D-O-Double-G double sucks
By Kevin Rushworth
The big Snoopy D-O-double G himself—other wise known as Snoop Dogg—has taught me four lessons through his bangin’ tunes; first off, the self titled father of rap taught me to lay low when things get heated.
Secondly, the Doggfather’s lesson-through-song taught me what you do if you touch something a little too spicy for our fleshy human hands; you drop it like its hot. Third, how to enter a party just a swinging my hair. Lastly, that Santa Claus goes straight to the ghetto on Christmas Eve.
As seen by my almost ridiculous use of Snoop Dogg lyrics as puns, I have been a fan of the Dogg for quite some time.
Such songs as Next Episode, Fuck You, Doggfather, Bitch Please and many others are on my top list to play at a club banger of a party. Recently, the Dogg released Malice n’ Wonderland, with such classics as Gangsta Luv and I Wanna Rock.
As stated plainly in Snoops’ first verse in Lay Low, it’s the “return of the top dogg and aint’ no stopping this.” Wait just a second Snoop, you just released Doggumentary and many of the songs—not all of them—were disappointing.
The first track on Snoop Dogg’s 11th studio album is the strange track Toyz N’ Da Hood featuring a strange clash of beats. Snoop must have been taking a bathroom break, as he doesn’t even appear on the track.

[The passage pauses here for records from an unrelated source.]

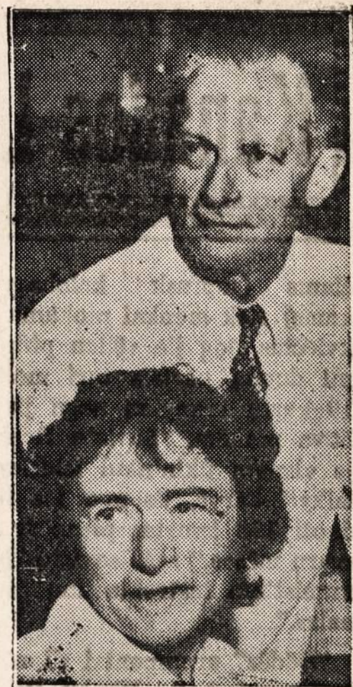
ST. LOUIS, Mo. — Daktarai Gerly T. ir Carl F. Cori, Washingtono universiteto medicinos fakulteto profesoriai, kurie laimėjo Nobelio dovaną. Jie yra kilę iš Čekoslovakijos ir baigę Pragos universitetą.

Tuo pačiu čia gyvenančių tremtinių padėtis labai pasun- kės. Mat, jų dalis jau yra įsi- traukusi į vokiečių bendrą ūkį ir jų maistu minta. Kiti, kad ir iš šalies gauna maisto produk-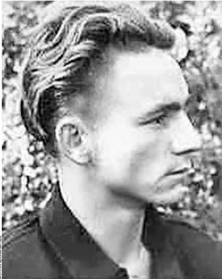
Таким был Николай Рыбников в юности

Через год и я была в Москве, так как поступила в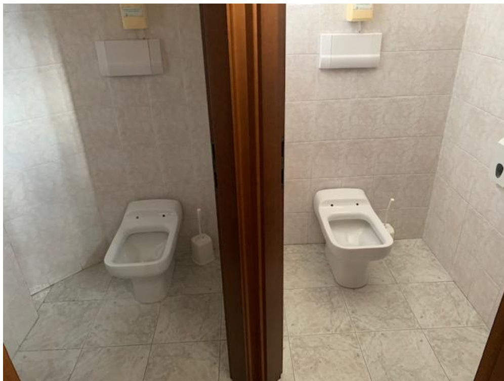
- Piano Terra – servizi igienici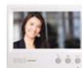
330851 Videocitofono aggiuntivo a colori, viva...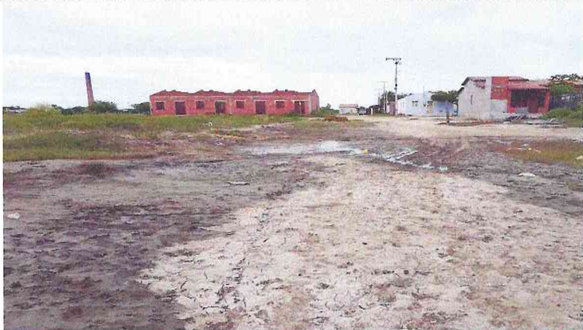
Final (Estaca E06 + 2,86m) do Trecho da Rua Luiz Adail Chagas (Bairro: Padre Assis Monteiro) UTM 569096.00/9435368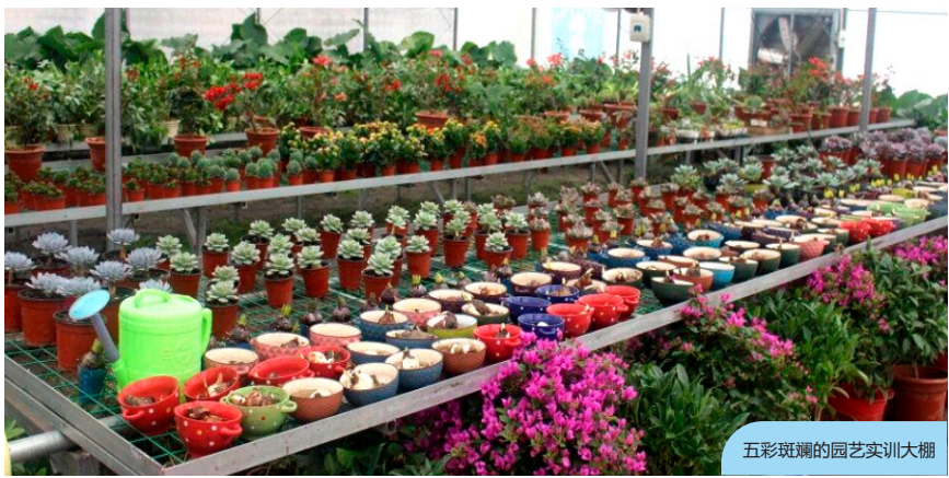
五彩斑斓的园艺实训大棚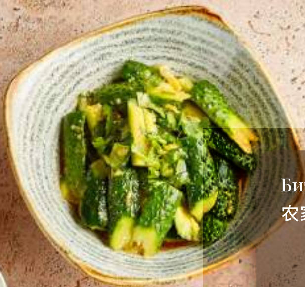
Битые огурцы 农家拍青瓜

When I bang one of those old-school Snoop YouTube videos, I snap my fingers and send a shout out to the father of rap. Gladly, The Way Life Used to Be has some truly gangsta verses that are only understood when bouncing down the street in a car outfitted with hydraulics.

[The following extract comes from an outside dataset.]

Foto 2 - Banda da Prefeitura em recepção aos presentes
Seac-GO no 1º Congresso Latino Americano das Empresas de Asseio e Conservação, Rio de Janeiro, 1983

Although the beat for My Fucking House is tight and Snoop and company—Young Jeezy and E-40—go hard, yelling who lives in the house—Snoop’s pleasant abode—loudly is as repetitive as hip-hop haters saying the music is a bad influence on children.
For the track Peer Pressure, I’m hearing the old Doggfather back at work; my fists are pumping the air and my head is bobbing. Thanks Snoop for letting me ride with you on this beat.
While the song Boom doesn’t really impart many societal lessons upon youngsters, it’s a classic beat and catchy radio collaboration with T-Pain. With guns and girls to spare—Snoop calls his gat Problem Solver—Gangbang Rookie is easily my favourite track on the album for smooth vocals and a hard-hitting style.
For the royal wedding, Snoop Dogg wrote the loving couple a little ditty he called Wet. The track features scantily clad girls in a pool, but it’s a different kind of wet he’s talking about—you get what I mean.
On Lopez Tonight, Snoop said, “I wanted him (William) to have a little bit of fun before he got married, see all the girls you won’t be able to see, before you lock down with that one, and enjoy yourself.”
With sex noises and Snoop Dogg autotuned and a constant dripping sound, it gives me the queasies. Not to say I’m some kind of prude, but Snoop keep this in your fantasies.
From the washed up debacle of autotuned Snoop Dogg comes a collaboration with Willie Nelson on Superman. It’s strange, different, but kind of enjoyable.
Doggumentary features some OK tracks, but the shivers from Wet and other awkward songs leaves me with the hip-hop blues. Sorry Snoop. Does it make it better that I liked your verse with Katy Perry?